Días detenidos probablemente sea el intento más arriesgado de indagar sobre la familia que se realizó en los últimos años en la narrativa boliviana; puede ponernos frente a la autoridad paterna y materna desde distintos lugares, ya sea por medio del silencio o de la enfermedad; pero lo que hay que reconocer es que es una mirada tranquila, sin rencor, ni venganza; más bien, lo que parece motivar a los personajes de la novela es un afán de comprensión bastante atemperado. Quieren comprender, pero bajo la lógica de la razón, no desde lo sensorial o lo instintivo que sería más visceral, y quizá por ello, más real, concreto y contundente. Hay cierto miedo por la verdad.

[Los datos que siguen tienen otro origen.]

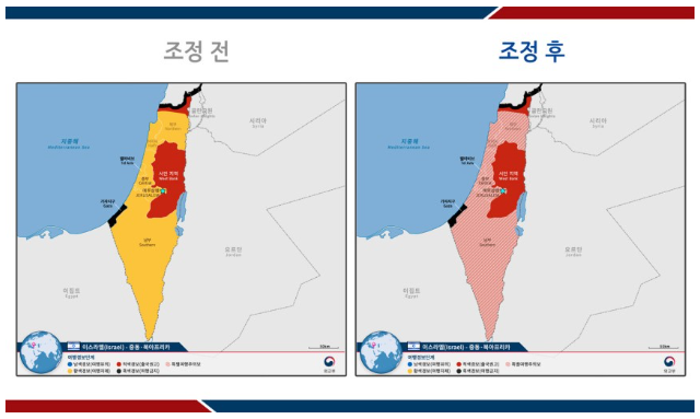| 이스라엘 북부 레바논 접경, 가자지구 | 4단계(여행금지) | 즉시 대피 및 철수 권고 |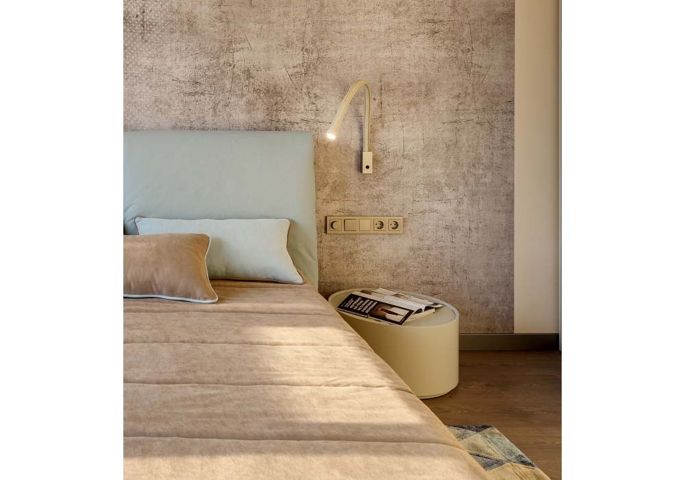 Flexiled designed by King & Roselli per Contardi è una lampada da parete con base quadragnolare in metallo in nickel satinato o bronzo spazzolato. Il braccio è mobile e riposizionabile in maglia d'acciaio con testa rivestita in pelle ed adotta una sorgente luminosa di tipo LED. Flexiled è disponibile in differenti finiture,dimensioni e versioni.

Hay cierta sensación de orfandad que los personajes establecen en su relación con su propia historia y que está marcada en que, si bien son familia, han pasado muchos años separados unos de otros y ya no saben cómo comunicarse, si no es por medio de los sentidos comunes que dan los sobreentendidos o las anécdotas pasajeras del pasado o las cuestiones cotidianas que deben ser resueltas inmediatamente. Y el único momento, aquella memorable narración que el hermano arma para su hermana sobre por qué y en qué circunstancias falleció su padre, queda en entredicho porque no se sabe si es una fabulación más o la verdad. Si es la verdad, la novela se cierra; pero si es una fabulación elaborada por el hermano para solamente tranquilizar a la hermana que ansía saber su verdad para luego escribirla, la novela no cierra, continua, pero en otro espacio: el del lector que podría con las claves que tiene, construir un nuevo relato de los días detenidos de esta familia y su deterioro moral, económico, mental y temporal. 

Y en este sentido, la narrativa de Ruiz Plaza va configurando a la familia como uno de sus temas medulares; como algo que no se entiende, algo que se evita o que se desea. La familia, entonces, como detonante que, para bien o para mal, hace avanzar los días.